A Blood Moon – when the Moon turns red during a total lunar eclipse. The red comes from the sunrise and sunset here on Earth, continuing out into space and lighting up the Moon.

All of Australia, plus most of Asia and the Pacific region, will be treated to this spectacular lunar event on January 31. If you miss it, don’t worry, you’ll get another total lunar eclipse on the night of July 27 and early morning hours of July 28.

Unlike a Solar eclipse, you do not need any special equipment to see a lunar eclipse and it is safe to look at with your eyes.

Speaking of solar eclipses, Tasmania and southern parts of Victoria and South Australia will be treated to a partial Solar Eclipse on July 13.

Goodbye Kepler, thanks for the Exoplanets!

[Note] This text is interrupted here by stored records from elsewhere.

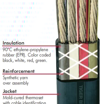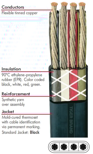 Mold-Cured Jacket describes how the outer protective layer is formed. During manufacturing, the jacket compound is vulcanized under heat and pressure in a mold, creating a dense, uniform protective layer that is chemically bonded to the cable assembly beneath it. This process produces a jacket with superior resistance to compression cuts, abrasion, and fluid penetration compared to extruded-only jacket designs.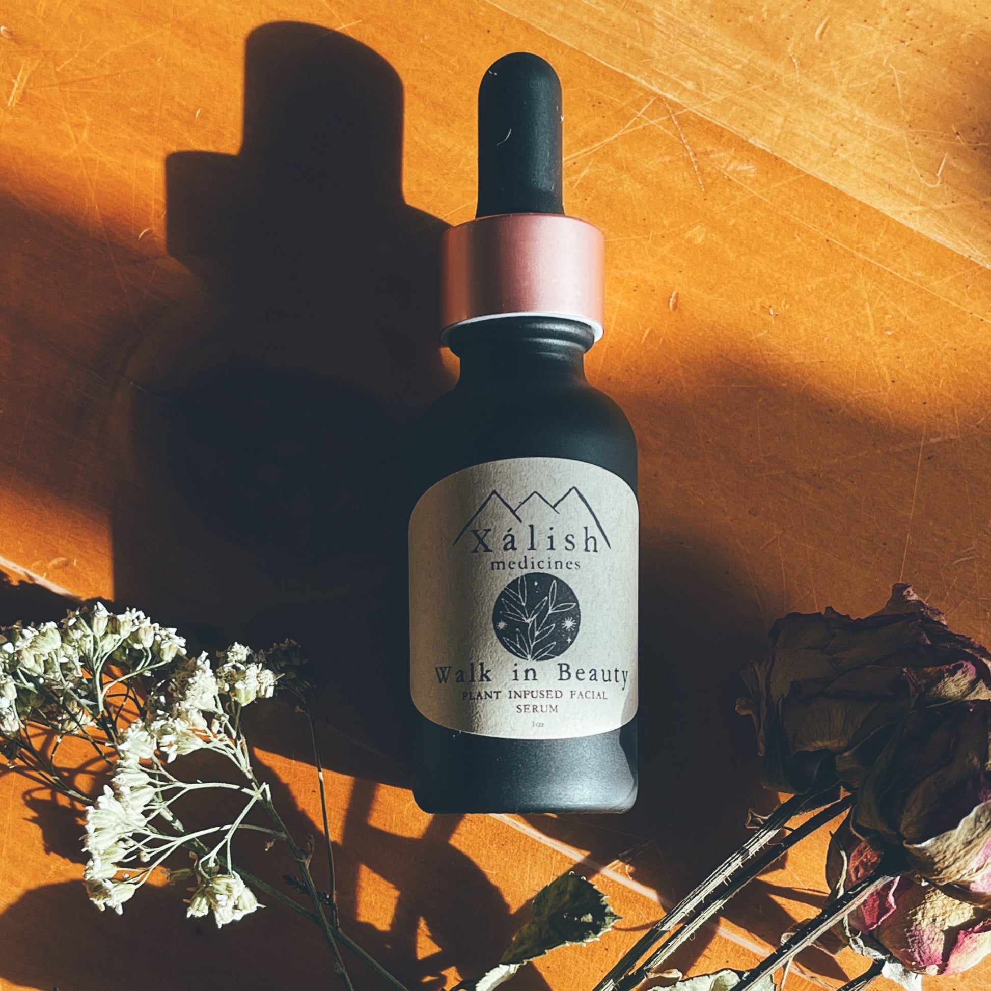 A magical blend that began infusing at the peak of Summer. With Plants from the Medicine garden, small herb farms & resins. A blend of Gotu Kola, Burdock, Holy Basil & gifted Myrrh resin. With oils of Jojoba, Sweet Almond, Carrot Seed, Sunflower, and Sea Buckthorn. This serum is luxurious, and deeply revitalizing to the skin. I'm so glad to have it back in my personal collection for Winter!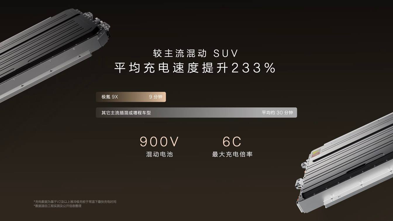 极氪9X全系采用900V大电池方案,支持6C超快充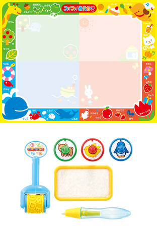 また、シートに描いたものは乾くと自然に消えるので、何度でもくり返し遊べます。専用ペン、スタンプ、ローラーだけでなく、手や足を水で濡らして手がたや足がたも楽しめます。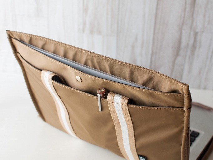 内ポケットのないシンプルタイプだから、ノートパソコンを入れてたためばスッキリと薄くなります。持ち手をポケットに納めた状態でも、一番厚い場所で6cm程度。大きなバッグにインナーケースとして入れるときにもかさばりません。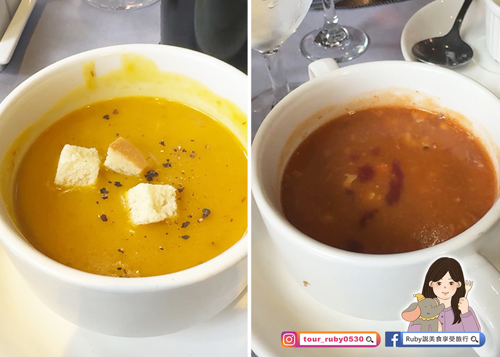 只要點主菜即可,每一道菜均有附上開胃飲品、前菜、一碗湯、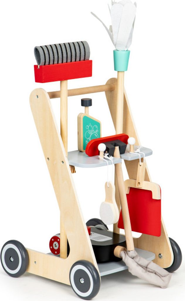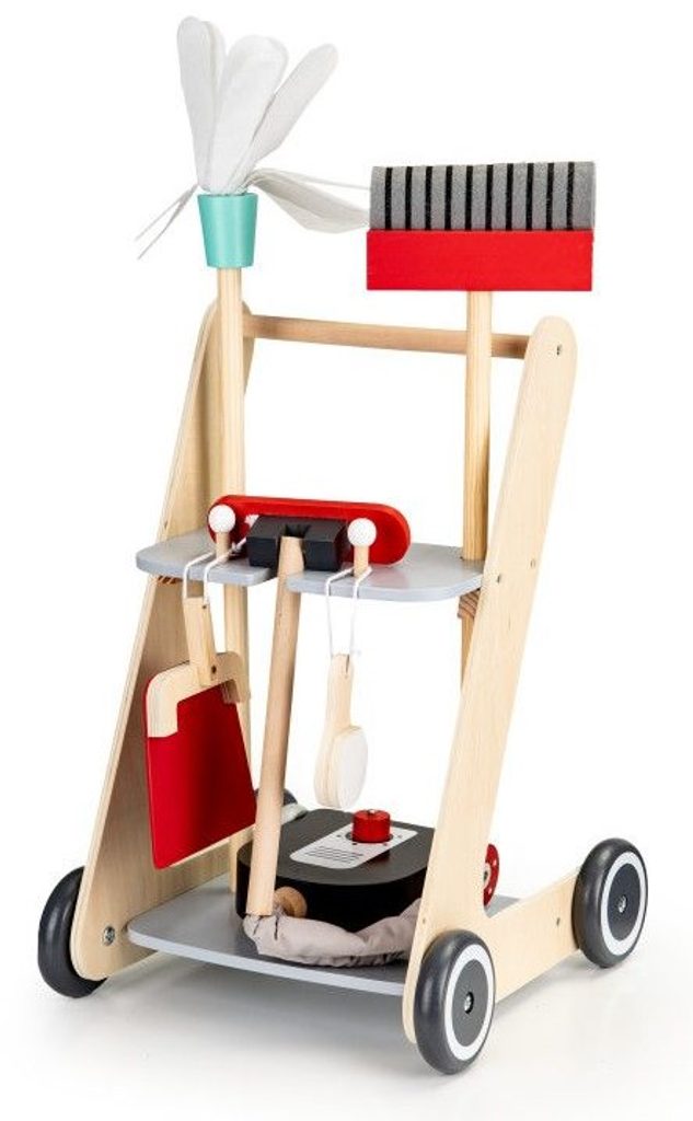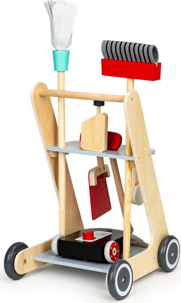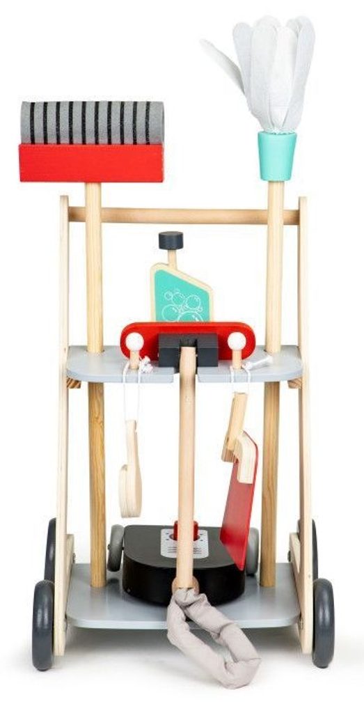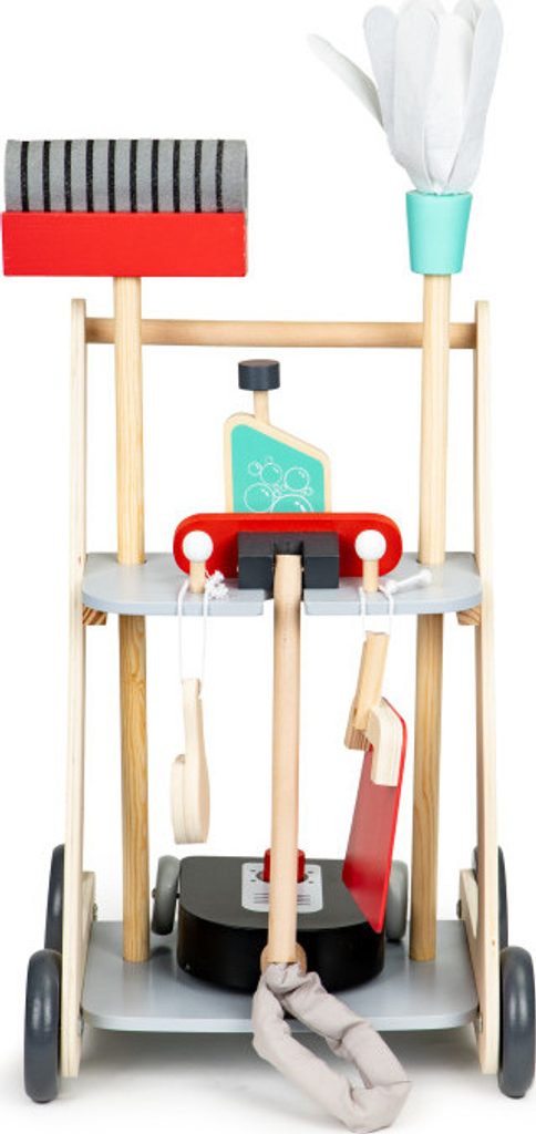 Ecotoys dřevěný úklidový vozíček s příslušenstvím umožní dítěti stát se pravým pánem nebo paní domu. Najde zde vše potřebné pro úklid domácnosti. Vysavač s látkovou hadici, dlouhou metlu, lopatku se smetáčkem a imitaci čistícího prostředku. Ve spodní části a střední jsou umístěny praktické police.  Hračka je vyrobena ze dřeva a je určena pro děti od 36 měsíců věku.

The Kepler Space telescope was launched nearly nine years ago and has changed our view of the cosmos and our place in it, but its mission is coming to an end this year.

Kepler has confirmed around 2,500 exoplanets (planets orbiting other stars), with thousands more potential planets. It discovered the first Earth-like planet in a habitable zone , an area where water could exist as a liquid.

An artistic impression of NASA’s planet-hunting Kepler space telescope.
NASA Ames/JPL-Caltech/T Pyle

Kepler also showed that rocky, potentially Earth-like and/or habitable planets are common with potentially tens of billions (yes, billions with a b) existing in our galaxy alone.

After a failure of two reaction wheels (the things that help it point) in 2013, a new mission, K2, was conceived. It was able to keep stable by using a combination of short thruster firings and using the Sun to steer it like a sail.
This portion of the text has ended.